_Instructions to follow_:
Nothing but the lines from the start of the data through the line with "Pregnant women's pants" should appear in the answer, each retyped exactly, and pictures should not.

Source information Block Start

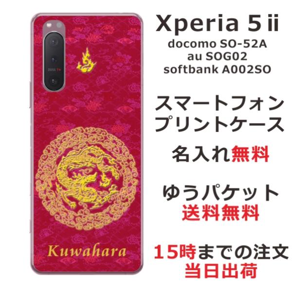 Xperia 5 II SO-52A SOG02 A002so エクスペリア5 II らふら 名入れ スマホケース 和柄 円龍赤
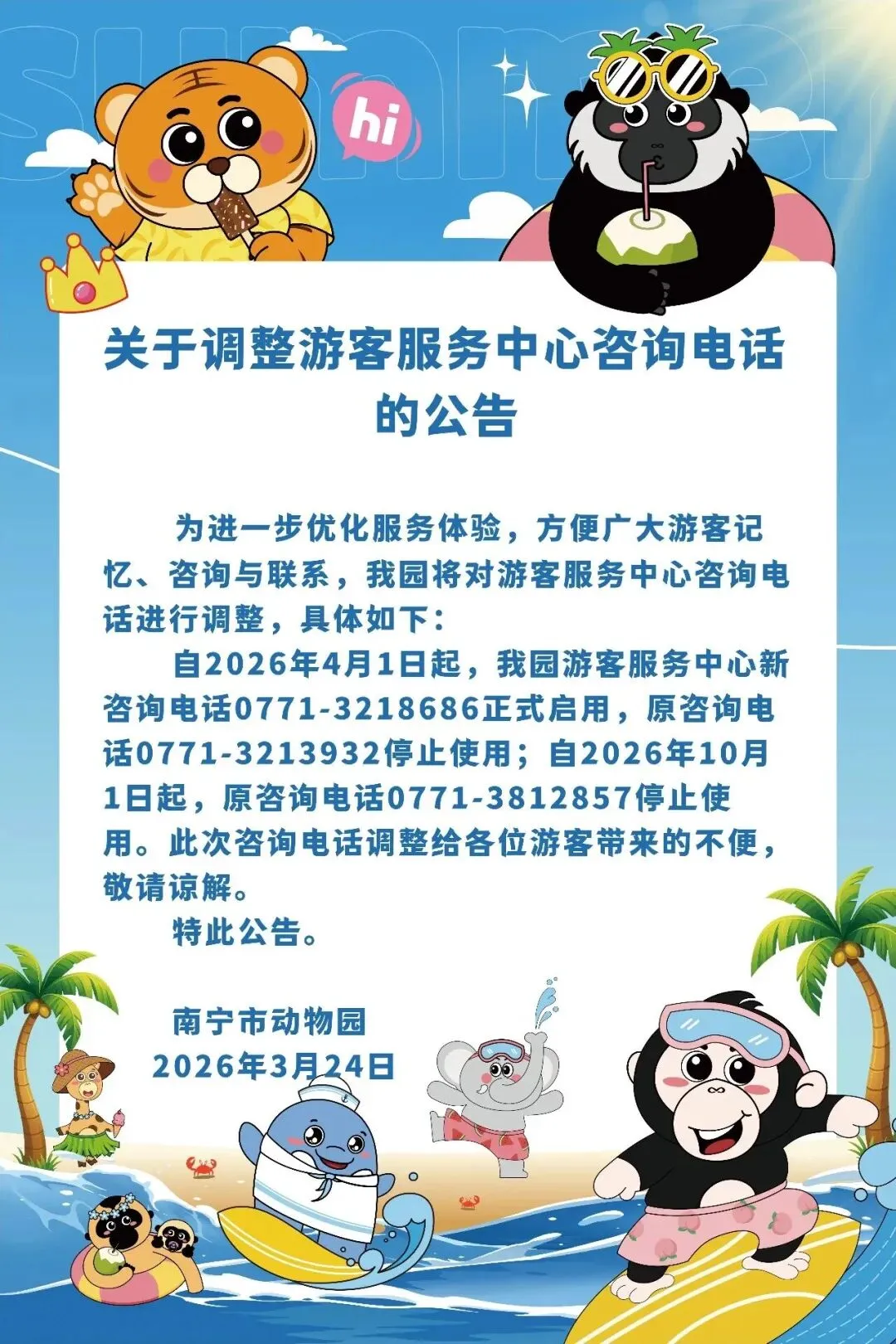 注意啦!南宁市动物园咨询电话已更新,请广大游客知悉
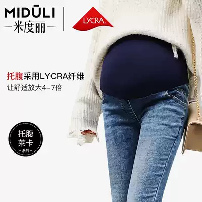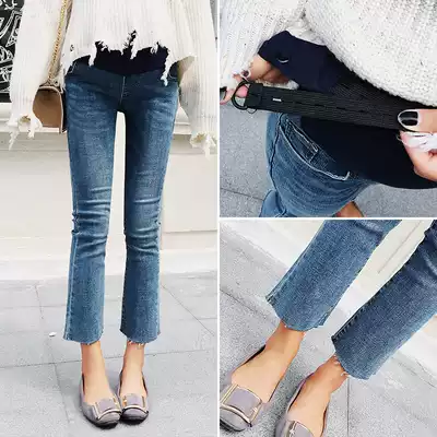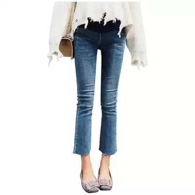 Pregnant women's pants spring and autumn thin fashion outside wear pregnant women's jeans tide mother nine-point Bell pants autumn pants
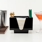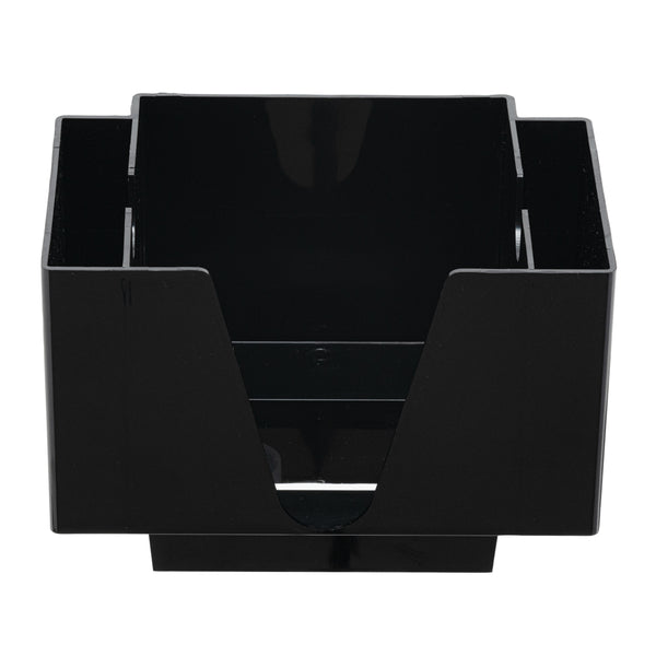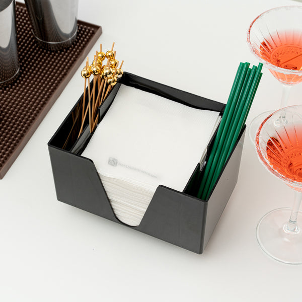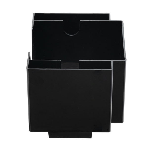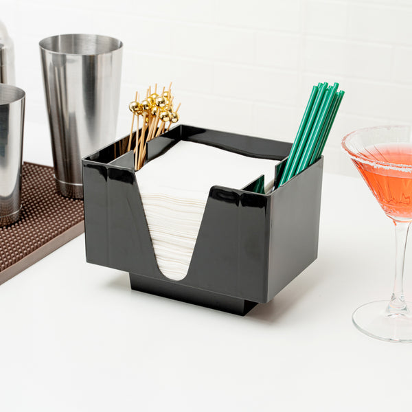 Provide guests with utensils, condiments, and napkins all in one place using our Bar Lux Rectangle Black Plastic Condiment Caddy / Napkin Holder. Equipped with 3 individual compartments, this condiment caddy is meant for multipurpose use at your restaurant, hotel, or catered events. The stylish black finish brings a sleek and simple look to tabletops at your establishment. Designed with a built-in napkin holder at the center, this napkin caddy provides guests with convenient access to napkins. The 2 compartments on the sides of this dispenser can easily hold forks, knives, straws, or condiments. Great for avoiding accidents, the sturdy base of this napkin holder provides superior stability on all surfaces. This condiment caddy is constructed with high-quality plastic and is strong and sturdy to withstand daily use at your restaurant. This napkin caddy measures 7.9 inches in length by 5.5 inches in width and 5.7 inches in height. Shipped in a 1 count box.
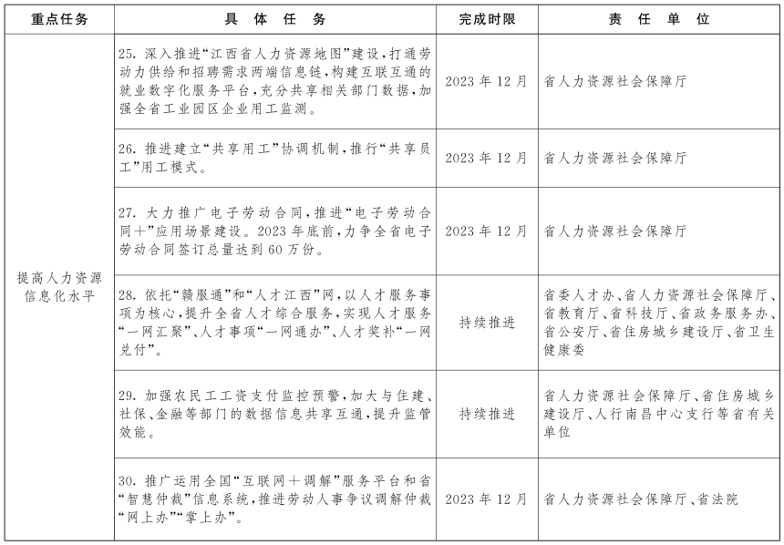 六、提高人力資源信息化水平。深入推進(jìn)“江西省人力資源地圖”建設(shè),構(gòu)建互聯(lián)互通的就業(yè)數(shù)字化服務(wù)平臺(tái),加強(qiáng)工業(yè)園區(qū)企業(yè)用工監(jiān)測(cè)。推進(jìn)建立“共享用工”協(xié)調(diào)機(jī)制,推行“共享員工”用工模式。大力推廣電子勞動(dòng)合同,推進(jìn)“電子勞動(dòng)合同+”應(yīng)用場(chǎng)景建設(shè)。依托“贛服通”和“人才江西”網(wǎng),以人才服務(wù)事項(xiàng)為核心,提升全省人才綜合服務(wù),實(shí)現(xiàn)人才服務(wù)“一網(wǎng)匯聚”、人才事項(xiàng)“一網(wǎng)通辦”、人才獎(jiǎng)補(bǔ)“一網(wǎng)兌付”。加強(qiáng)農(nóng)民工工資支付監(jiān)控預(yù)警,保障農(nóng)民工合法權(quán)益。推廣運(yùn)用全國(guó)“互聯(lián)網(wǎng)+調(diào)解”服務(wù)平臺(tái)和省“智慧仲裁”信息系統(tǒng),推進(jìn)勞動(dòng)人事?tīng)?zhēng)議調(diào)解仲裁“網(wǎng)上辦”“掌上辦”。(責(zé)任單位:省人力資源社會(huì)保障廳、省委人才辦、省法院、省教育廳、省科技廳、省政務(wù)服務(wù)辦、省公安廳、省衛(wèi)生健康委、省住房城鄉(xiāng)建設(shè)廳、人行南昌中心支行等省有關(guān)單位)

Source information Block End

_Answer box_:
 Xperia 5 II SO-52A SOG02 A002so エクスペリア5 II らふら 名入れ スマホケース 和柄 円龍赤
 注意啦!南宁市动物园咨询电话已更新,请广大游客知悉
 Pregnant women's pants spring and autumn thin fashion outside wear pregnant women's jeans tide mother nine-point Bell pants autumn pants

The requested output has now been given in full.